Our stops will be as follows:

10:00 a.m. *Starbucks* - Hurontario St and Britannia Rd West just off the 401
10:45 a.m. *The Beer Store* at Weston Road and the 401
11:15 a.m. *Petsmart *- highway 7 and Woodbine Ave

Fish list:

black angelfish (pitch black) - toonie size bodies - $3
koi angelfish with slightly reddish forehead and dorsal fin - toonie size bodies - $3
german blue rams - almost fully grown, spawning regularly - $5 per fish 
Apistogramma cacatuoides triple red (males) - $7 per fish

We are now also selling fish food that we use in our hatchery, here is the list:

Australian freeze dried black worms (your fish will love it but be careful they usually become highly addictive to it ) 50 grams - $25, 100 grams - $45, 200 grams - $85
Community flake food 1lb - $11
Brine shrimp flake food 1lb - $12
Meat lovers flake food 1lb - $12
Super color flake food 1lb - $15
Earthworm sticks 0.5 lb - $6 (cories and plecos favorite)
Brine shrimp sticks 0.5 lb - $6
Premium veggie sticks 0.5 - $6 - excellent food for your shrimp and crabs.

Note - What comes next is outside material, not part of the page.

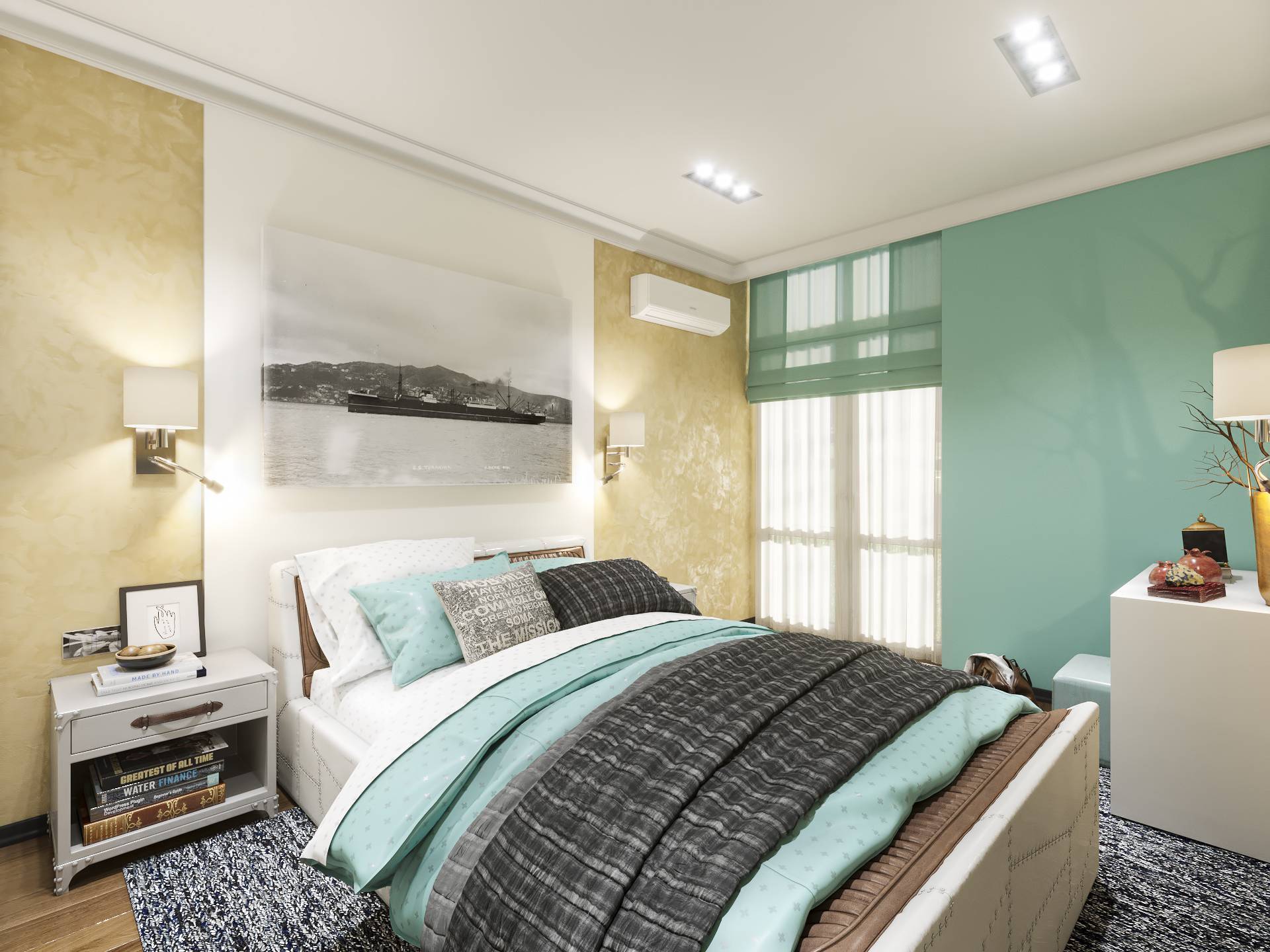 Такие интерьеры, а именно интерьеры с большой цветовой палитрой наиболее сложно выполнимы, но в тоже время интересны. Очень просто выполнить интерьер в 2 цветах, но намного сложнее используя 5 цветов сделать завершенную композицию, без доминанты одного цвета над другим.
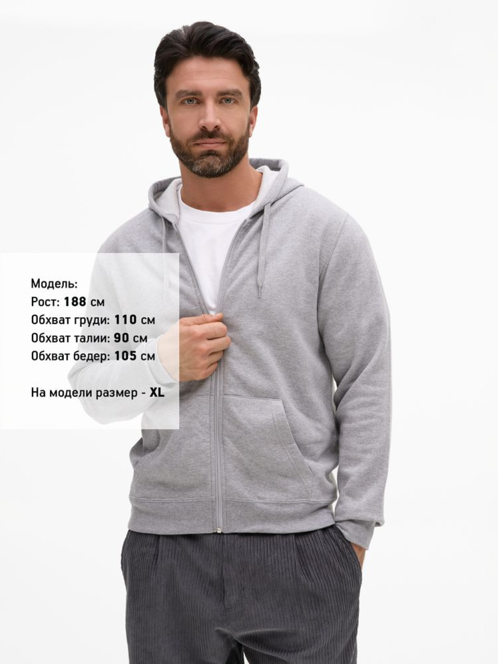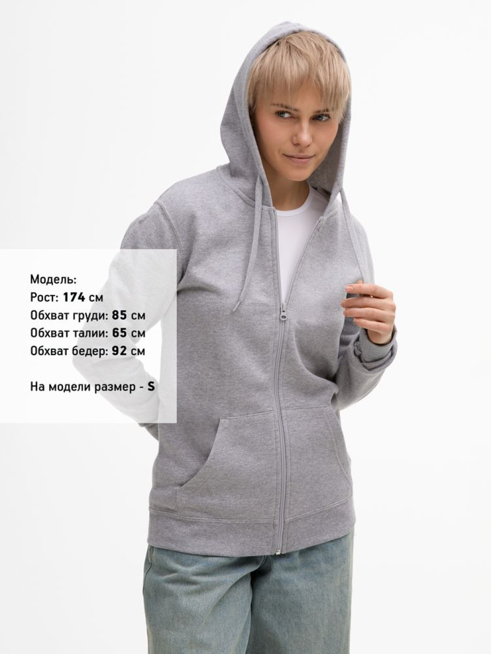 Толстовка без боковых швов на молнии с капюшоном.

These sticks contain a lot of necessary minerals for successful molting.
Quantities are limited. 
More info can be found at our website angelfins.ca or just email us at: [email protected]


----------



## SOUPNAZZI (Sep 24, 2010)

I will be looking for a Male BGR

See you at 10am


----------



## SOUPNAZZI (Sep 24, 2010)

Thank you for the male GBR and the blackworms


----------



## jarmilca (Sep 10, 2009)

You are welcome, it was pleasure meeting you.


----------